Exercez une aspiration douce avec un contrôle manuel de la pression sur la cellule qui la prend à l’intérieur du micro capillaire Retirez la cellule unique du premier échantillon et relâchez-la dans le support de culture cellulaire de l’amibe. Puis l’incuber à 30 degrés Celsius. Contrôlez soigneusement la pression pour être en mesure d’aspirer une seule cellule et de contrôler votre aspiration par l’observation de la libération d’une seule cellule.
Effectuer des observations quotidiennes avec un microscope optique inversé pour observer l’apparence des cellules et surveiller l’émergence de l’effet cytopathique. Maintenant, utiliser un système d’extraction automatisé pour extraire l’ADN d’une partie des échantillons de culture positive où un effet cytopathique est observé. Concevoir des amorces pour amplifier les gènes pauvres annotés comme RBP2 pour Faustovirus, protéine capsidique majeure pour Usurpatvirus, et protéine capsid mineure pour clandestinovirus.
Effectuez pcr standard à l’aide d’un thermocycleur selon le manuscrit. Effectuer 20 microlilitres de réactions PCR avec 50 micromolaires de chaque amorce, 1X Master Mix, et l’eau sans ribonuclease. Exécutez les produits PCR avec la tache de gel d’ADN sur un gel d’agarose de 1,5% à la tension de 135 volts et visualisez avec UV. Ce protocole optimise un processus de micromanipulation avec une micro aspiration à cellule unique.
Cette technique permet la capture d’une amibe arrondie et infectée et sa libération dans une nouvelle plaque contenant des amibettes non infectées. Cette approche a réussi à isoler un nouveau virus géant à faible abondance nommé Userpatvirus LCD7. Votre Userpatvirus n’a été observé que dans le clone sept avec la présence de l’ADN userpatvirus LCD7 et l’absence d’ADN faustovirus.
La microscopie électronique a indiqué l’aspect de Clandestinovirus ST1, qui a une morphologie icosahedral typique sans fibrilles aussi bien qu’Usurpatvirus LCD7 avec un capside icosahedral d’environ 250 nanomètres. Une faible cytométrie confirme le chevauchement des populations de Faustovirus et de Nauvoirus. Une fois maîtrisée, cette procédure peut être effectuée facilement.
La chose la plus importante à retenir lors de la tentative de cette procédure est la nécessité d’un rituel d’observations minimales concernant la taille des entités avec la bonne manipulation des compétents du poste de travail et la vérification de tout problème de contamination. Cette approche peut être utilisée comme technique de tri sur la base de la morphologie cellulaire. Actuellement, il est utilisé dans notre laboratoire pour le clonage d’amibe spécifique.

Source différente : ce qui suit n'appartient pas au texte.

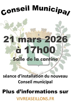 Suite aux élections municipales, les Seillonnais sont invités à venir nombreux assister à la séance d’installation du nouveau Conseil municipal qui se déroulera le :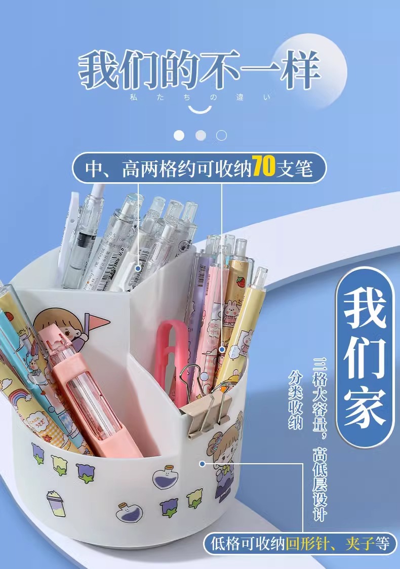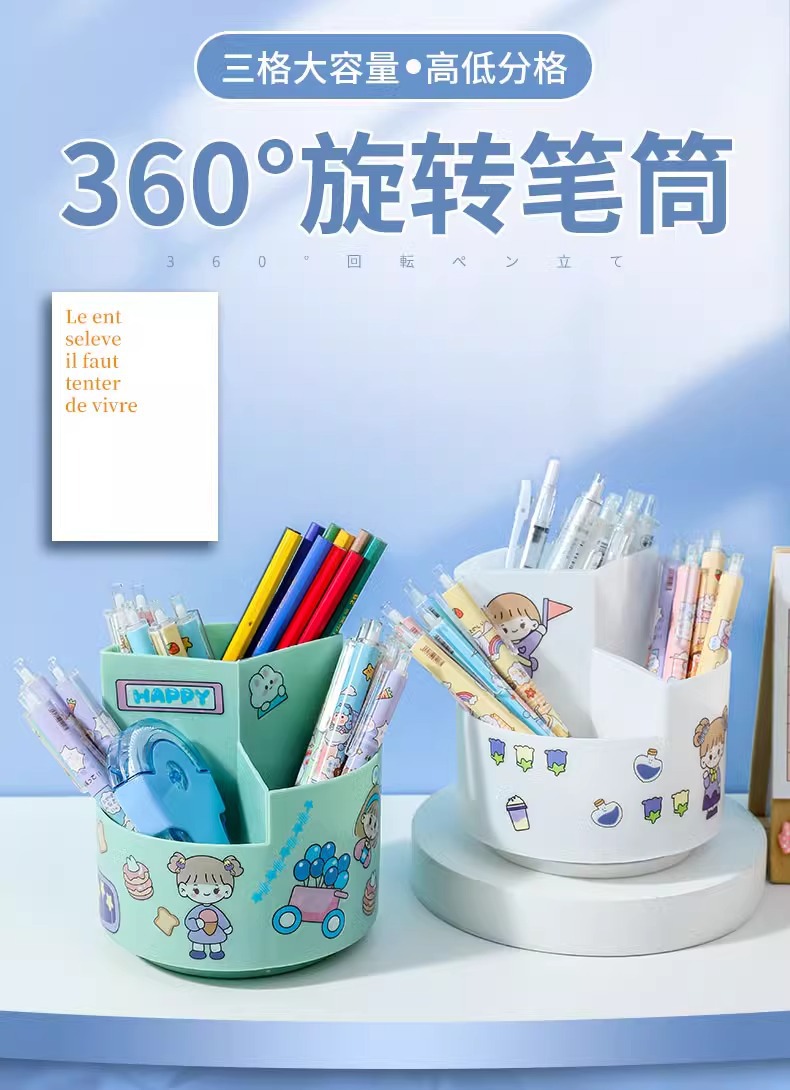 360 도 회전 펜 홀더 대용량 저장 초등학교 학생 사무실 데스크탑 어린이 소녀 귀여운 소년 책상스토어 가기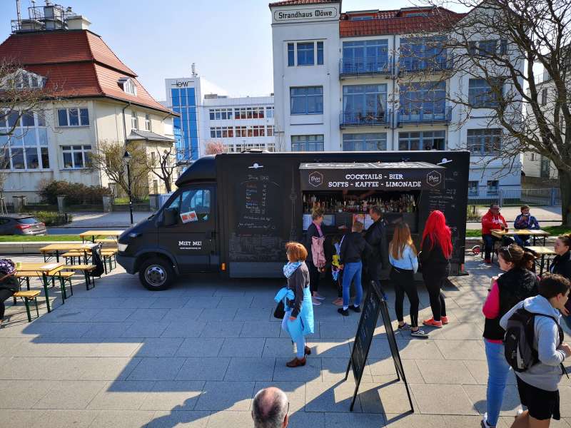 Der Truck funktioniert ganz klassisch als Bar-Truck, Bierwagen, Kaffeemobil oder als Glühwein-Truck in kalten Tagen. Das vorhandene Branding an der Vorderseite des Trucks ist individuell veränderbar, wodurch es sich ganz an Ihre Wünsche und an Ihr Unternehmen anpassen kann.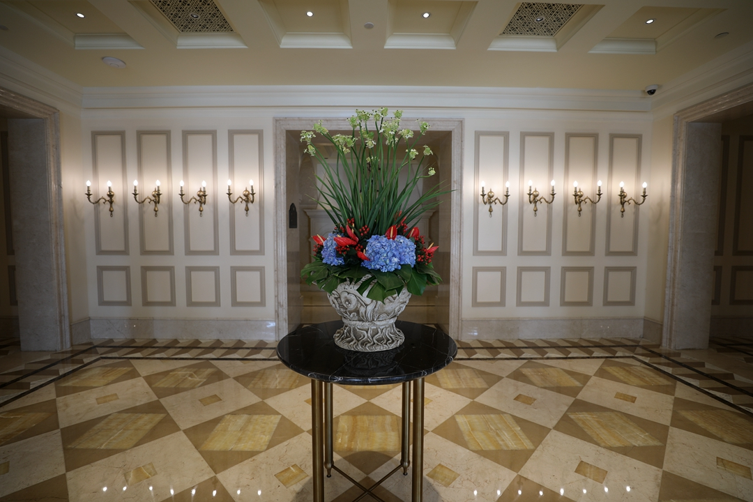 酒店以拉斯维加斯的The Mansion at MGM Grand为原型精典打造,一幢 6 层楼高的主建筑,融合了美式风格及中国传统元素,从而也形成了特有的豪华气质。酒店管理方ClubCorp,是一家汇聚了众多顶级俱乐部的企业,因此在这里从开始抵达,到入住几乎都享受到了会员般贴心的照顾,大堂虽然空间不大,但是布置的十分温馨。大堂提供的冰爽柠檬茶,瞬间消除了沿路而来的疲惫,而精致的四周环境,与杭州历史关于的文化陈设,都在点滴之间处处展示在这里。

Un point critique de cette technique est de maintenir l’intégrité cellulaire. En effet, nous pouvons avoir quelques problèmes avec la non-observation de la cellule ou la libération. Ceci est dû principalement à la désintégration de la cellule dans le micro capillaire.
Cette méthode pourrait être une alternative efficace lorsque la télémétrie des défauts et le tri des faits ne sont pas disponibles et lorsque des limitations techniques spécifiques sont atteintes. N’oubliez pas que dans certains cas, la cellule n’est pas libérée par le micro capillaire. Cela est dû en partie aux caractéristiques de l’amibe et à leur capacité d’adaptation, puis à partir de la membrane cellulaire.